=== WHAT YOU HAVE TO DO ===
Starting at the first line of the data, print each line verbatim up to and including the line bearing "固收方向基金经理中,由于债券", omitting pictures.

=== INFORMATION PROVIDED ===
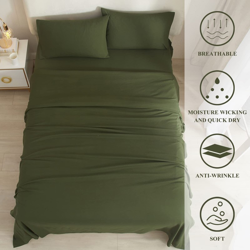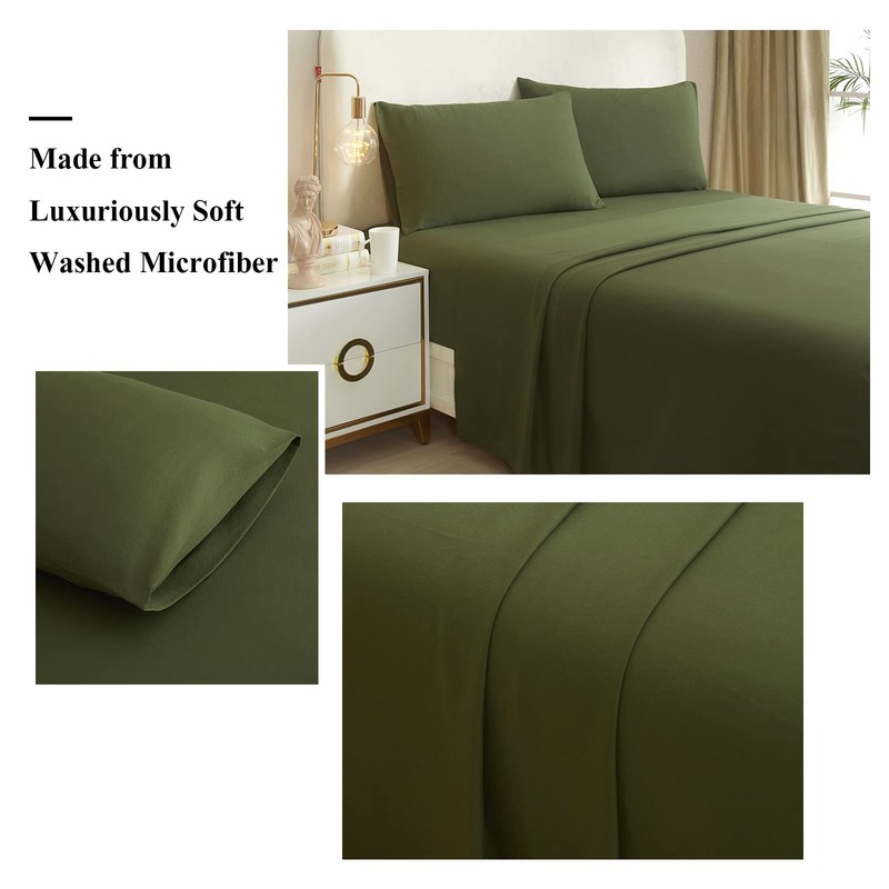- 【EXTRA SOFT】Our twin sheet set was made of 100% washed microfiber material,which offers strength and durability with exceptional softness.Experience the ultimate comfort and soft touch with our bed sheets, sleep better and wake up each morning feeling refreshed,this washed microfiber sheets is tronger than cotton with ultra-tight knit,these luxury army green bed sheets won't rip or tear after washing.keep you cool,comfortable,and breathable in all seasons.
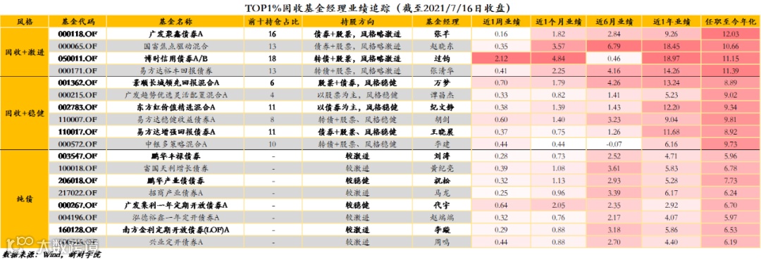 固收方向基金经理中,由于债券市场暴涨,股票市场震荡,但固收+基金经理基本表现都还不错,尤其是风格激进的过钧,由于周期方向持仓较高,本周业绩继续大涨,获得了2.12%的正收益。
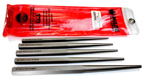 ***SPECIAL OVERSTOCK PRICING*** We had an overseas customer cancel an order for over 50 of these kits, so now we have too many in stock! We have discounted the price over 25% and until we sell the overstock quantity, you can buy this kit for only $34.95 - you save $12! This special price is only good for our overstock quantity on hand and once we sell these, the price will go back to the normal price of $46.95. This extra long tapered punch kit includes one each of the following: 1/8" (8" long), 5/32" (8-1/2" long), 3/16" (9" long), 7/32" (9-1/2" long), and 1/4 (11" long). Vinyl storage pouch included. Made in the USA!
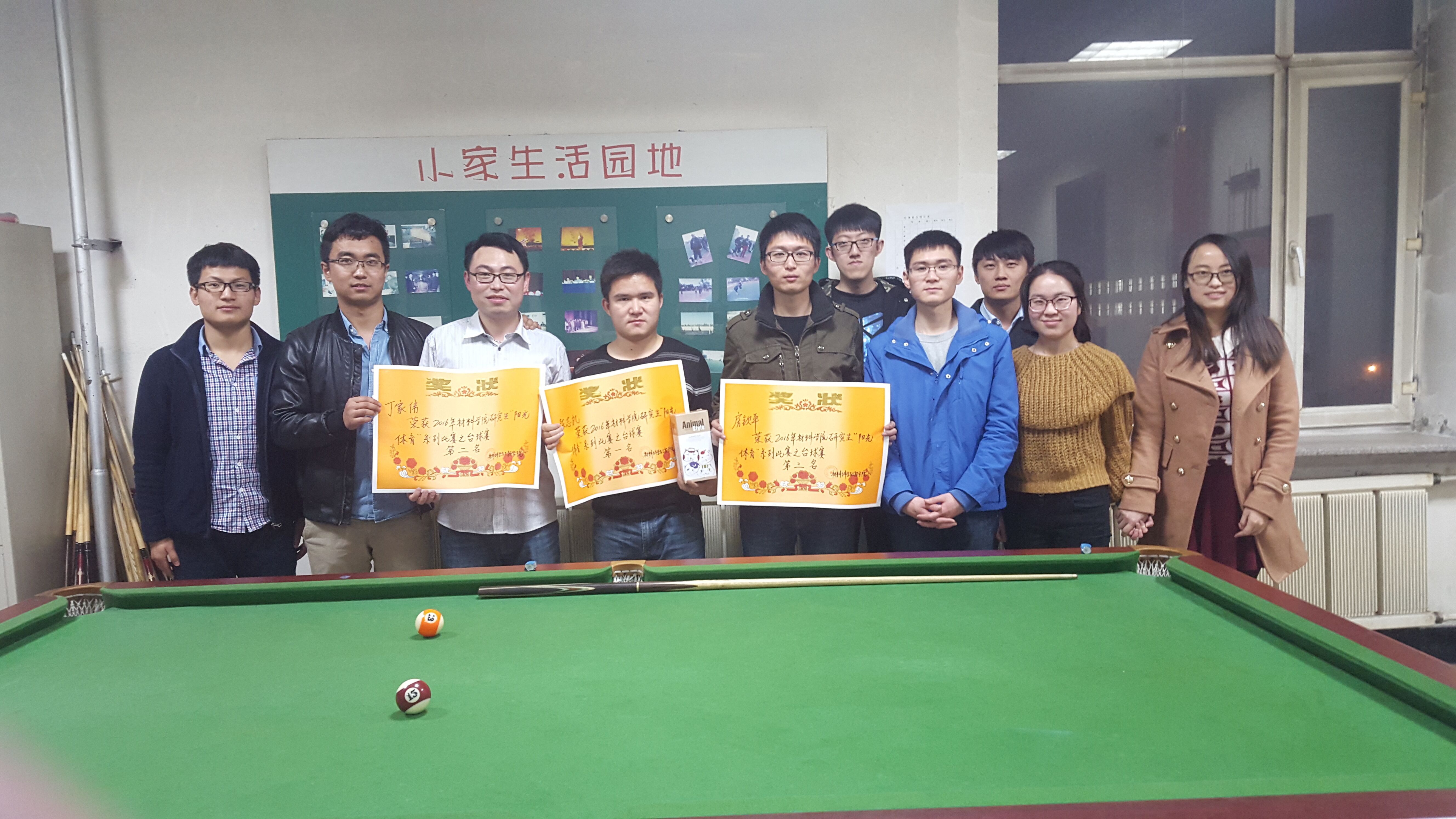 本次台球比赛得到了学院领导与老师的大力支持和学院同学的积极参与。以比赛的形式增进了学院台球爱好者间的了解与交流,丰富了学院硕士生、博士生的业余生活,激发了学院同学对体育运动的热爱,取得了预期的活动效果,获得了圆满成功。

=== ANSWER TO THE EXERCISE ===
- 【EXTRA SOFT】Our twin sheet set was made of 100% washed microfiber material,which offers strength and durability with exceptional softness.Experience the ultimate comfort and soft touch with our bed sheets, sleep better and wake up each morning feeling refreshed,this washed microfiber sheets is tronger than cotton with ultra-tight knit,these luxury army green bed sheets won't rip or tear after washing.keep you cool,comfortable,and breathable in all seasons.
 固收方向基金经理中,由于债券市场暴涨,股票市场震荡,但固收+基金经理基本表现都还不错,尤其是风格激进的过钧,由于周期方向持仓较高,本周业绩继续大涨,获得了2.12%的正收益。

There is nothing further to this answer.